Selected species include:

- Myristica alba W.J.de Wilde
- Myristica andamanica Hook.f.
- Myristica arfakensis W.J.de Wilde
- Myristica argentea Warb.
- Myristica atrescens W.J.de Wilde
- Myristica basilanica W.J.de Wilde
- Myristica beddomei King
- Myristica brachypoda W.J.de Wilde
- Myristica brevistipes W.J.de Wilde
- Myristica buchneriana Warb.
- Myristica byssacea W.J.de Wilde
- Myristica ceylanica A.DC.
- Myristica cinnamomea King
- Myristica coacta W.J.de Wilde
- Myristica colinridsdalei W.J.de Wilde
- Myristica conspersa W.J.de Wilde
- Myristica corticata W.J.de Wilde
- Myristica crassa King
- Myristica dactyloides Gaertn.
- Myristica dasycarpa W.J.de Wilde
- Myristica depressa W.J.de Wilde
- Myristica devogelii W.J.de Wilde
- Myristica elliptica Wall. ex Hook.f. & Thomson
- Myristica extensa W.J.de Wilde
- Myristica fasciculata W.J.de Wilde
- Myristica filipes W.J.de Wilde
- Myristica fissurata W.J.de Wilde
- Myristica flavovirens W.J.de Wilde
- Myristica fragrans Houtt.
- Myristica frugifera W.J.de Wilde
- Myristica gigantea King
- Myristica gillespieana A.C.Sm.
- Myristica globosa Warb.
- Myristica grandifolia A.DC.
- Myristica guadalcanalensis W.J.de Wilde
- Myristica guatteriifolia A.DC.
- Myristica guillauminiana A.C.Sm.
- Myristica hollrungii Warb.
- Myristica inaequalis W.J.de Wilde
- Myristica incredibilis W.J.de Wilde
- Myristica iners Blume
- Myristica insipida R.Br.
  - Myristica insipida var. cimicifera (Sol. ex R.Br.) Jessup (synonym M. ampliata W.J.de Wilde)
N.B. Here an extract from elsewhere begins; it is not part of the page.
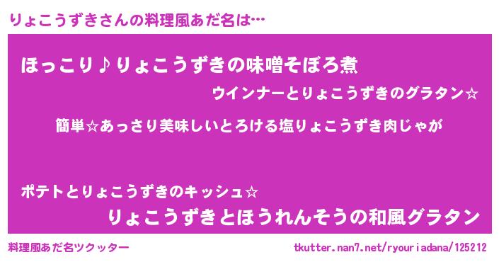 | 恥ずかしいあだ名 | 『りょちん』『プリティーりょこうずき』 |

- Myristica inundata W.J.de Wilde
- Myristica johnsii W.J.de Wilde
- Myristica kalkmanii W.J.de Wilde
- Myristica kjellbergii W.J.de Wilde
- Myristica lasiocarpa W.J.de Wilde
- Myristica lepidota Blume
- Myristica leptophylla W.J.de Wilde
- Myristica lowiana King
- Myristica macrantha A.C.Sm.
- Myristica magnifica Bedd.
- Myristica maingayi Hook.f.
- Myristica malabarica Lam.
- Myristica maxima Warb.
- Myristica mediterranea W.J.de Wilde
- Myristica millepunctata W.J.de Wilde
- Myristica nana W.J.de Wilde
- Myristica olivacea W.J.de Wilde
- Myristica ornata W.J.de Wilde
- Myristica ovicarpa W.J.de Wilde
- Myristica pachycarpidia W.J.de Wilde
- Myristica papillatifolia W.J.de Wilde
- Myristica perlaevis W.J.de Wilde
- Myristica petiolata A.C.Sm.
- Myristica philippensis Lam.
- Myristica pilosella W.J.de Wilde
- Myristica pilosigemma W.J.de Wilde
- Myristica psilocarpa W.J.de Wilde
- Myristica pubicarpa W.J.de Wilde
- Myristica pygmaea W.J.de Wilde
- Myristica robusta W.J.de Wilde
- Myristica sangowoensis (J.Sinclair) W.J.de Wilde
- Myristica sarcantha W.J.de Wilde
- Myristica schlechteri W.J.de Wilde
- Myristica simulans W.J.de Wilde
- Myristica sinclairii W.J.de Wilde
- Myristica sogeriensis W.J.de Wilde
- Myristica succedanea Blume
- Myristica tamrauensis W.J.de Wilde
- Myristica teysmannii Miq.
- Myristica trianthera W.J.de Wilde
- Myristica tubiflora Blume
- Myristica ultrabasica W.J.de Wilde
- Myristica verruculosa W.J.de Wilde
- Myristica xylocarpa W.J.de Wilde
- Myristica yunnanensis Y.H.Li

Some species of Myristica have been reclassified into the genus Virola by some botanical authorities.